**EXERCISE DETAILS**
All lines below starting at the one that holds "Obraz premium Sunset" and ending at the one that holds "昨天(11月6日)上午,記者" should be printed exactly, ends included. Pictures should not be printed, nor anything else.

**RECORDS PROVIDED**
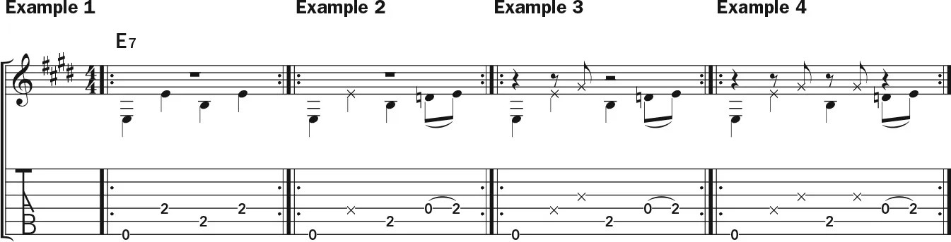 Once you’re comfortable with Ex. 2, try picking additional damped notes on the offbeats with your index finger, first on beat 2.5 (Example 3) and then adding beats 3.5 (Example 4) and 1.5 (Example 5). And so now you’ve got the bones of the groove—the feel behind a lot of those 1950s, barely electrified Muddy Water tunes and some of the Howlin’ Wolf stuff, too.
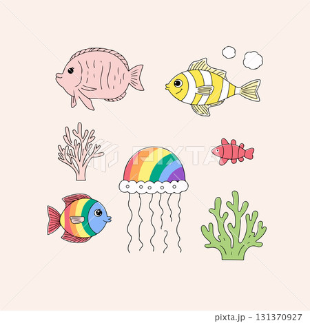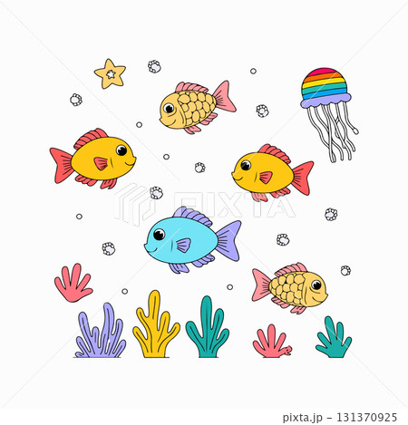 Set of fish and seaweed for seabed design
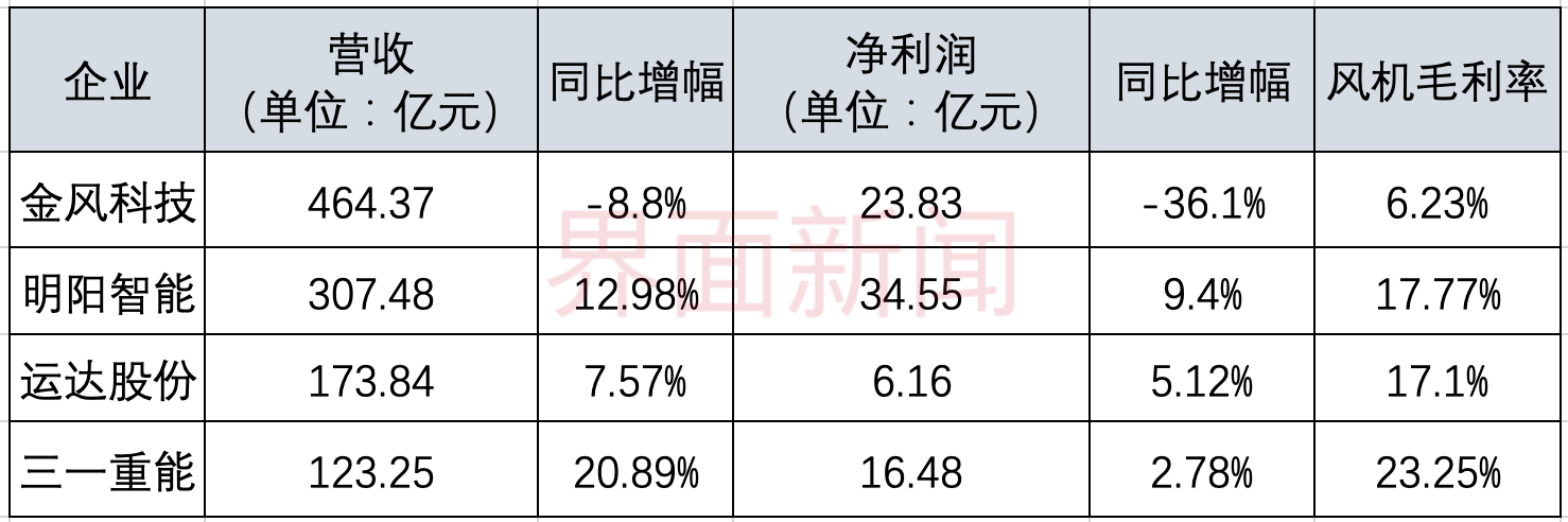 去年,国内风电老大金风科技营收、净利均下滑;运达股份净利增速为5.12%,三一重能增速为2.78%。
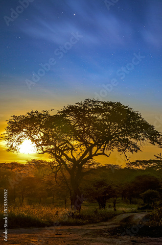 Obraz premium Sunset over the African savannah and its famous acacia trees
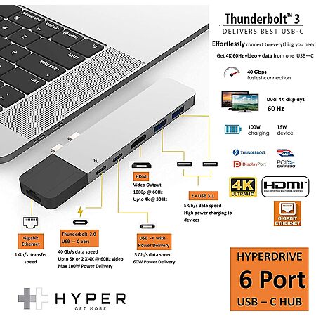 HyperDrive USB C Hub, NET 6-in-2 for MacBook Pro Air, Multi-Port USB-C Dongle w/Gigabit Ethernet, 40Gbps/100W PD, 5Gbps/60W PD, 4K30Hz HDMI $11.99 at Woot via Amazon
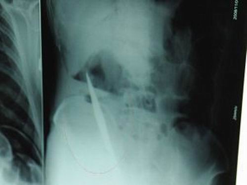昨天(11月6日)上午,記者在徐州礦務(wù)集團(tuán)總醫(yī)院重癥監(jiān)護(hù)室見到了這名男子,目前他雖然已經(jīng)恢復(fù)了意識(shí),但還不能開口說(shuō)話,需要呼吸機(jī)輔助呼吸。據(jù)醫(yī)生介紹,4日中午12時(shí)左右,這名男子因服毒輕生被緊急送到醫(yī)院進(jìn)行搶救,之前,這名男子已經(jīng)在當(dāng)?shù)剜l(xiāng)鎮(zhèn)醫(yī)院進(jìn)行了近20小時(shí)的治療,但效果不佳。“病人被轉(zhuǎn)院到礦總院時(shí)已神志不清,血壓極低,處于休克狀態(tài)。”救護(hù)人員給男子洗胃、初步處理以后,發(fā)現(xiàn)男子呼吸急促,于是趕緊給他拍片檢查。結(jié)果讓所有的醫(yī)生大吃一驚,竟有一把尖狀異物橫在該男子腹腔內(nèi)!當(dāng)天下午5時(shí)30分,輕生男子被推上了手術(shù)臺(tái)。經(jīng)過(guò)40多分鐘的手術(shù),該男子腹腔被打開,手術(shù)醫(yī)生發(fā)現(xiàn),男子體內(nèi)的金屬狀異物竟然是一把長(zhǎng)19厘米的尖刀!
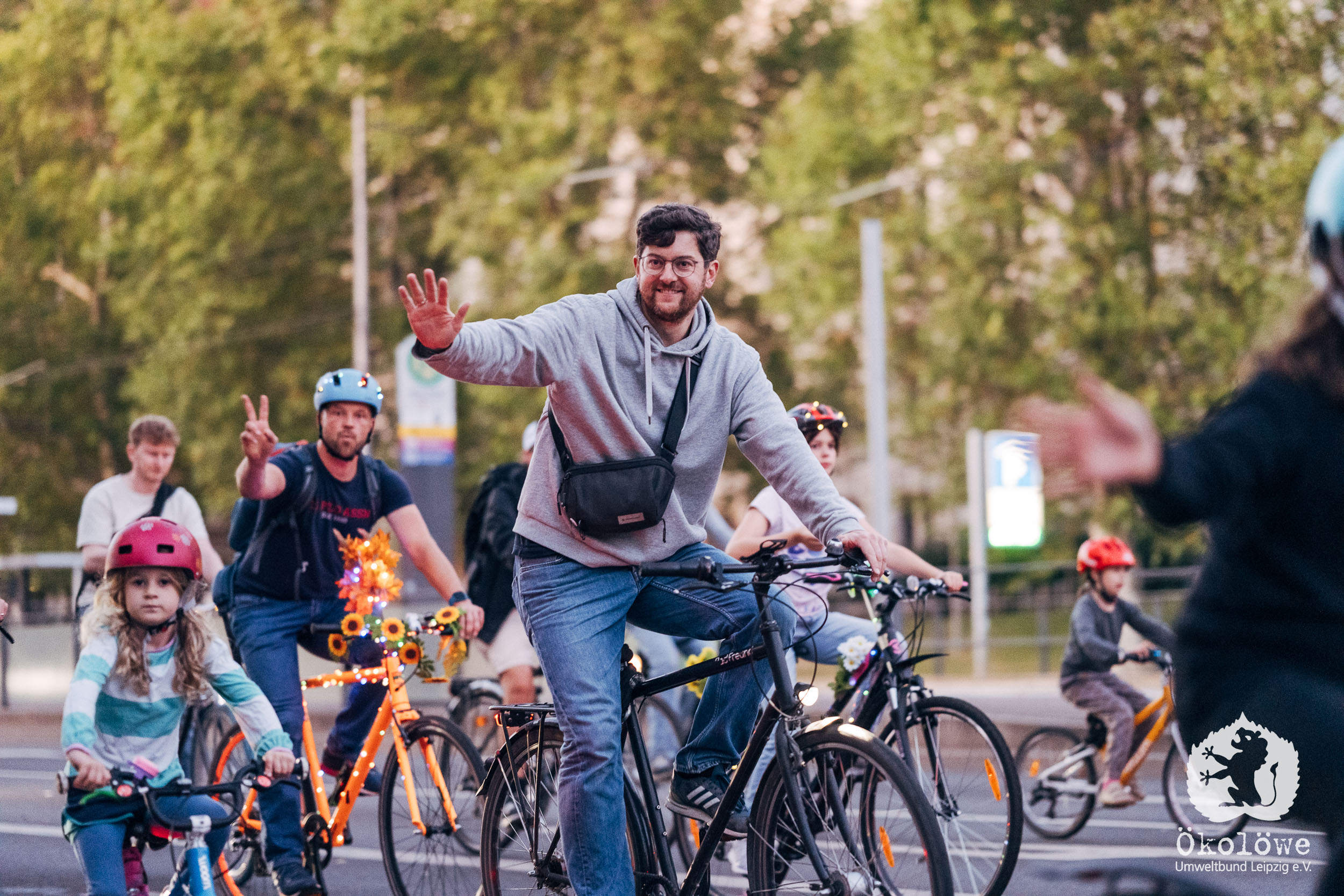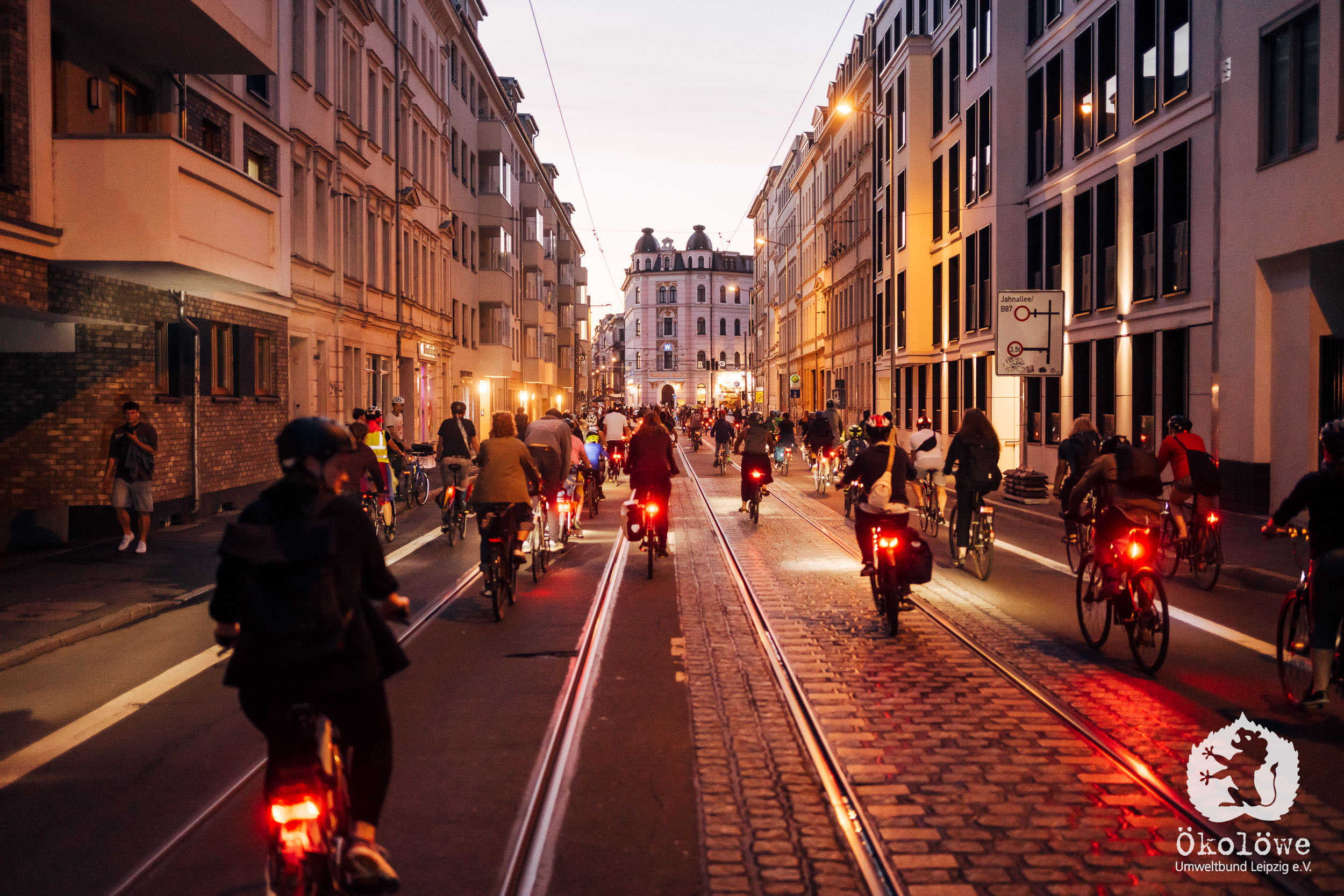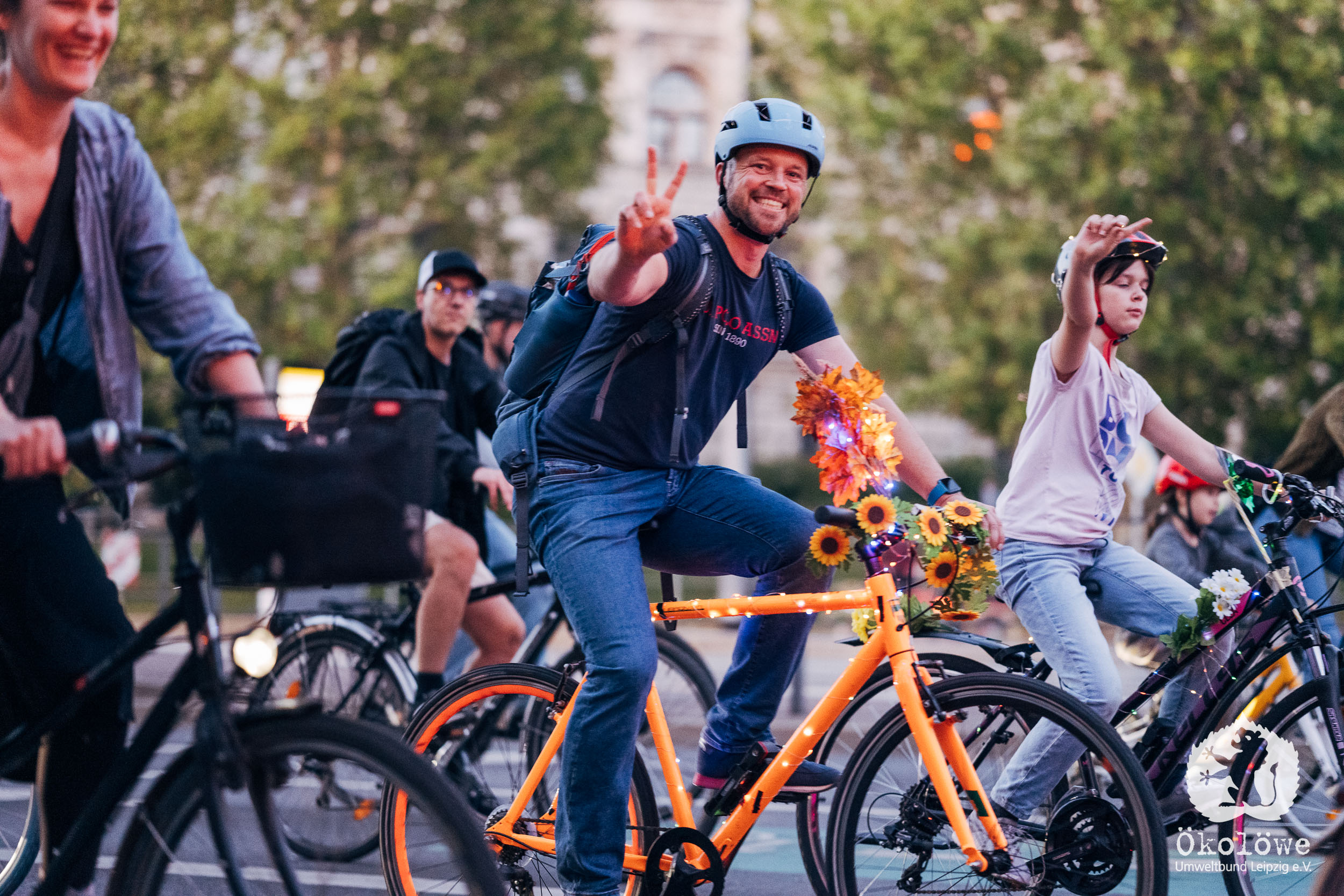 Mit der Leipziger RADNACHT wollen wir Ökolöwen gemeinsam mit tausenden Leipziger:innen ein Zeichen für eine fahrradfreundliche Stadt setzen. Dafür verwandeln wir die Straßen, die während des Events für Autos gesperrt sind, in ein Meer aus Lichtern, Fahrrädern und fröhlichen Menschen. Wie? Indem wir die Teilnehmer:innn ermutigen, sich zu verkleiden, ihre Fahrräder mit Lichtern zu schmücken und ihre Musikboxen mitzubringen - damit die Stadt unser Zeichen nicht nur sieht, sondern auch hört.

**OUTPUT OF THE EXERCISE**
 Obraz premium Sunset over the African savannah and its famous acacia trees
 HyperDrive USB C Hub, NET 6-in-2 for MacBook Pro Air, Multi-Port USB-C Dongle w/Gigabit Ethernet, 40Gbps/100W PD, 5Gbps/60W PD, 4K30Hz HDMI $11.99 at Woot via Amazon
昨天(11月6日)上午,記者在徐州礦務(wù)集團(tuán)總醫(yī)院重癥監(jiān)護(hù)室見到了這名男子,目前他雖然已經(jīng)恢復(fù)了意識(shí),但還不能開口說(shuō)話,需要呼吸機(jī)輔助呼吸。據(jù)醫(yī)生介紹,4日中午12時(shí)左右,這名男子因服毒輕生被緊急送到醫(yī)院進(jìn)行搶救,之前,這名男子已經(jīng)在當(dāng)?shù)剜l(xiāng)鎮(zhèn)醫(yī)院進(jìn)行了近20小時(shí)的治療,但效果不佳。“病人被轉(zhuǎn)院到礦總院時(shí)已神志不清,血壓極低,處于休克狀態(tài)。”救護(hù)人員給男子洗胃、初步處理以后,發(fā)現(xiàn)男子呼吸急促,于是趕緊給他拍片檢查。結(jié)果讓所有的醫(yī)生大吃一驚,竟有一把尖狀異物橫在該男子腹腔內(nèi)!當(dāng)天下午5時(shí)30分,輕生男子被推上了手術(shù)臺(tái)。經(jīng)過(guò)40多分鐘的手術(shù),該男子腹腔被打開,手術(shù)醫(yī)生發(fā)現(xiàn),男子體內(nèi)的金屬狀異物竟然是一把長(zhǎng)19厘米的尖刀!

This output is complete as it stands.